AI and Self-Driving Tech Take Center Stage at CES as Automakers Pull Back on EV Push

GeokHub

LAS VEGAS, Jan 5 — GeokHub Artificial intelligence and autonomous driving technology are set to dominate CES 2026 this week, as automakers and investors shift attention away from electric vehicles and search for the next major growth engine in a sector facing rising costs, safety scrutiny and regulatory pressure.
With many carmakers scaling back electric vehicle ambitions, auto suppliers and technology startups are expected to unveil new self-driving hardware, software and partnerships aimed at reducing — or eliminating — the role of human drivers.
Industry executives say the spotlight has firmly moved to how AI can unlock commercially viable autonomy.
“This year, the focus is clearly on AI and autonomous driving,” said one industry analyst. “How companies deploy AI to make driverless systems safer and scalable will be closely watched.”
CES Without the EV Hype
CES, running from January 6 to 9, has in recent years become a major platform for electric vehicle debuts. That trend is now fading.
A rollback of EV-friendly incentives and policy support in the United States has cooled consumer demand, forcing automakers to cancel or delay new EV launches. As a result, most major manufacturers are not unveiling new electric models at CES this year, a sharp contrast to previous editions.

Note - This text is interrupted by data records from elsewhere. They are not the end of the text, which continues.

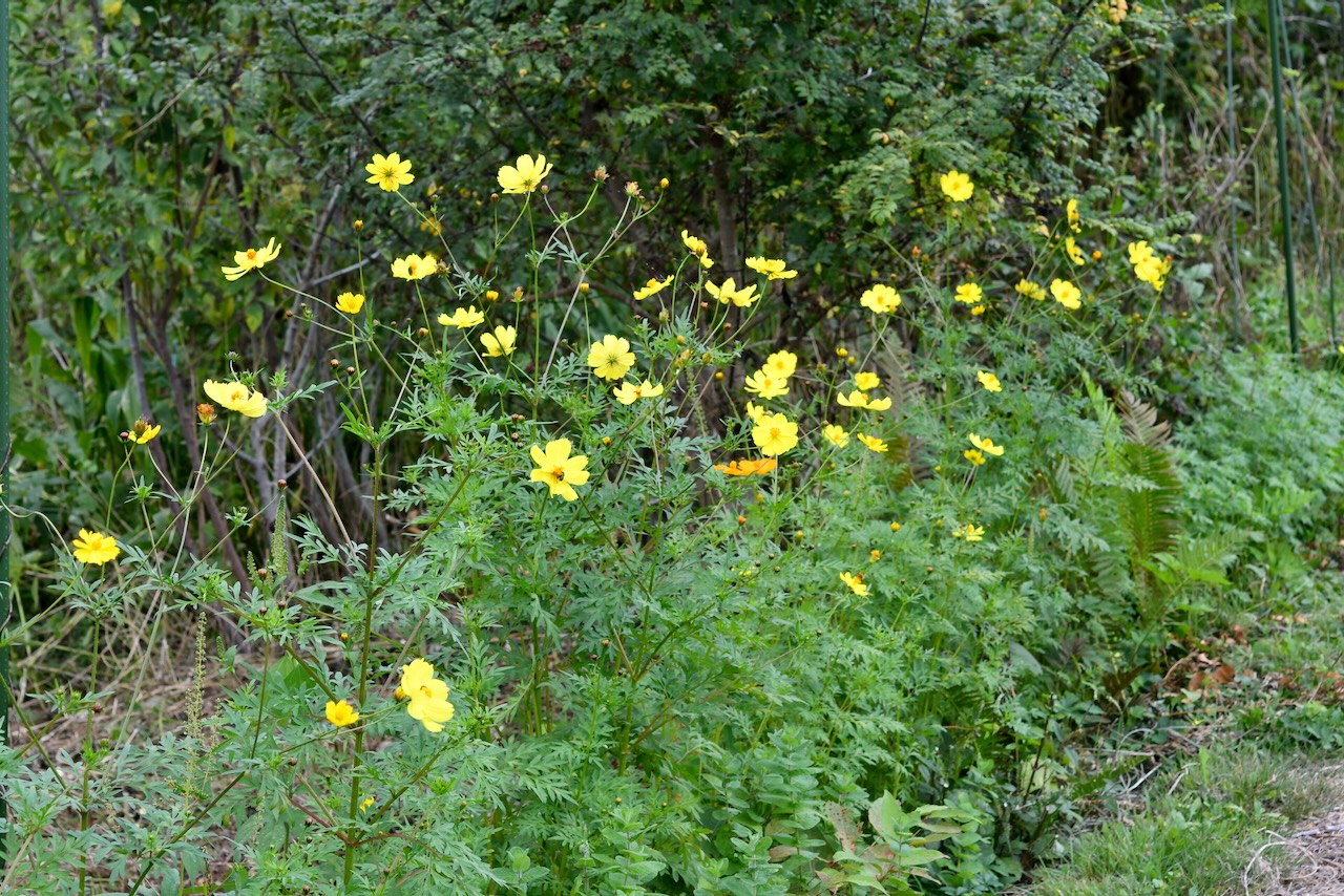 9月30日は宝山にレタス類とハクサイの苗を植えに行きました。作業の後は疲れてしまうので、先に花を撮影をする事にしました。今年種を蒔いた100mゾーンの道路沿いのキバナコスモスです。
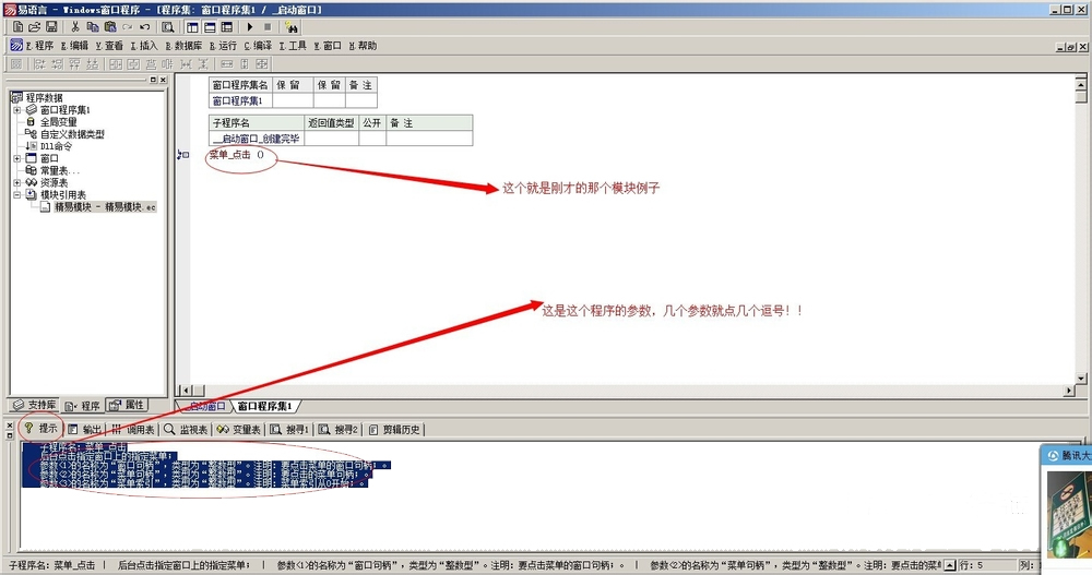 4、点击提示看下参数,如果有5个参数就点4个逗号。易语言不会给调用的模块定义参数。必须自己点逗号定义。。
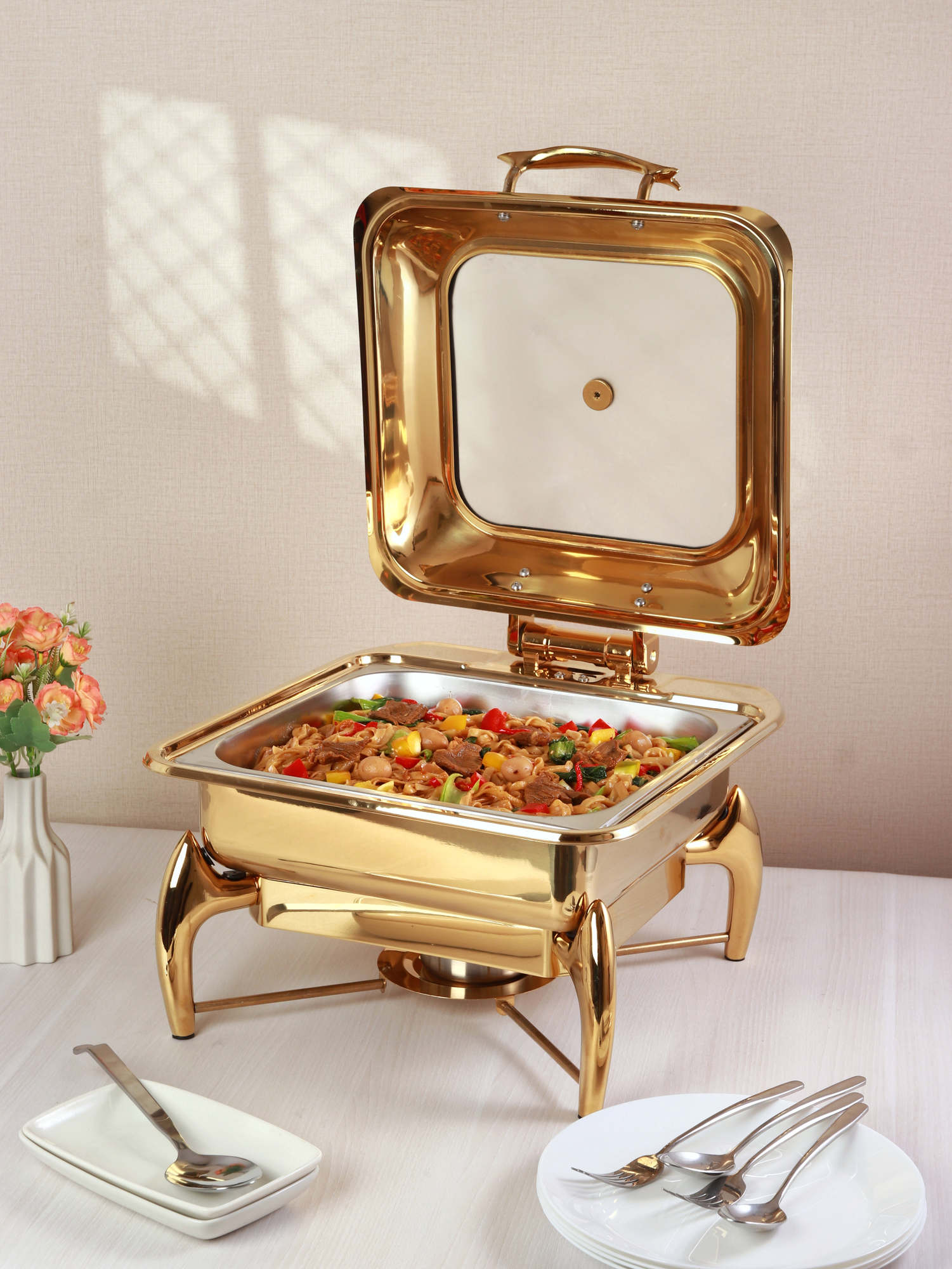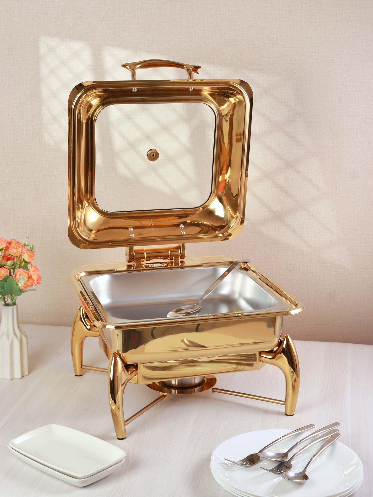 Kehadiran chafing dish ini sangat sempurna untuk menyajikan hidangan dalam konsep buffet. Kapasitas dan desainnya yang menawan membuat produk ini menjadi pilihan ideal yang praktis dan sempurna untuk setiap momen spesial sehingga terasa lebih istimewa.

Instead, the focus is shifting to autonomy, connectivity and AI-driven vehicle intelligence.
Renewed Momentum for Autonomous Vehicles
While commercializing self-driving cars has proven costly and complex — with many firms exiting the space after regulatory hurdles and high-profile accidents — recent developments have reignited investor interest.
Pilot robotaxi services, expanding autonomous ride-hailing operations and rapid improvements in advanced driver-assistance systems have given the sector new momentum. Several automakers now offer hands-free highway driving, while others are working toward “eyes-off” and city-street autonomy.
Industry observers say capital is increasingly flowing toward companies that can demonstrate practical, scalable autonomy rather than experimental prototypes.
Costs, Tariffs and Competition Loom Large
Despite growing excitement around AI, automakers remain under financial pressure. Billions of dollars in EV-related write-downs, higher input costs and U.S. tariffs on vehicles and parts have squeezed margins.
Many manufacturers are absorbing tariff costs rather than passing them on to consumers, further straining profitability. Intensifying competition from Chinese automakers is also weighing on strategic decisions.
Cost control and operational efficiency are expected to be recurring themes throughout CES discussions.